▶ _YOUR INSTRUCTIONS_: Could you copy out all of the records below exactly, leaving out every picture?

(Excerpts from a dataset)
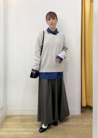 ・抜け感のある、ゆったりシルエットのニット合わせもおすすめ。
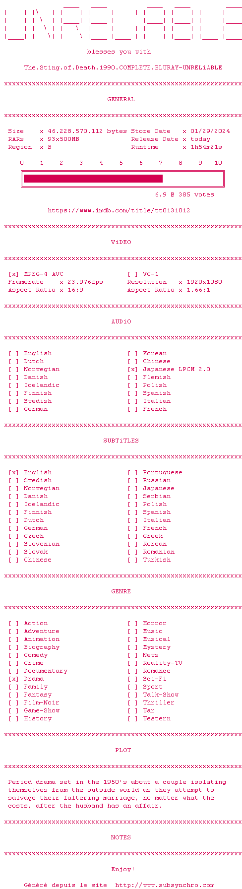 Voir le nfo de la release The.Sting.Of.Death.1990.COMPLETE.BLURAY-UNRELiABLE
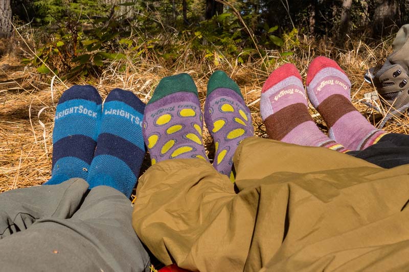 Lunch was a delightful event, all sitting around an open meadow area. There was a view of Mt. McLoughlin and Mt. Bailey from a nearby spot. Several happy hikers took their shoes off. See if you can identify the owners of the socks in the picture below.
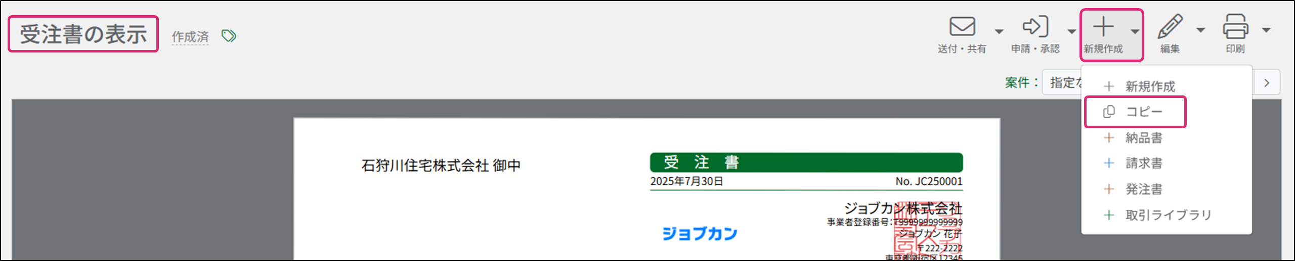 3. [受注書の表示]画面が表示されます。画面右上の[+新規作成]→[コピー]をクリックします。
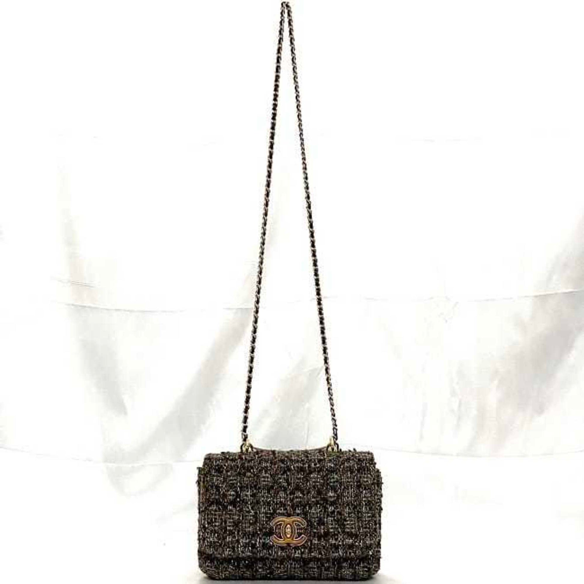 Chanel Brown Gray Tweed Wood Shoulder Bag ()
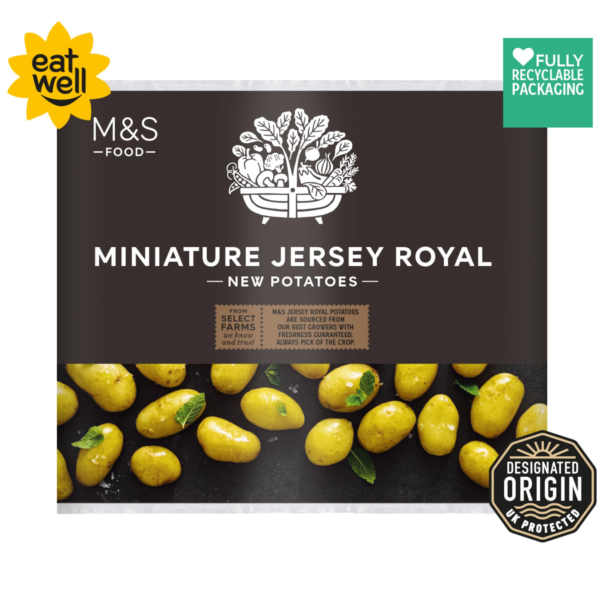 Our Miniature Jersey Royal New Potatoes are grown exclusively on the island of Jersey, where we have a dedicated team who ensure we only get the pick of the crop. The island's mild climate and rich, fertile earth gives these miniature spuds a beautifully nutty, buttery flavour.

▶ _ANSWER TO THE EXERCISE_:
 ・抜け感のある、ゆったりシルエットのニット合わせもおすすめ。
 Voir le nfo de la release The.Sting.Of.Death.1990.COMPLETE.BLURAY-UNRELiABLE
 Lunch was a delightful event, all sitting around an open meadow area. There was a view of Mt. McLoughlin and Mt. Bailey from a nearby spot. Several happy hikers took their shoes off. See if you can identify the owners of the socks in the picture below.
 3. [受注書の表示]画面が表示されます。画面右上の[+新規作成]→[コピー]をクリックします。
 Chanel Brown Gray Tweed Wood Shoulder Bag ()
 Our Miniature Jersey Royal New Potatoes are grown exclusively on the island of Jersey, where we have a dedicated team who ensure we only get the pick of the crop. The island's mild climate and rich, fertile earth gives these miniature spuds a beautifully nutty, buttery flavour.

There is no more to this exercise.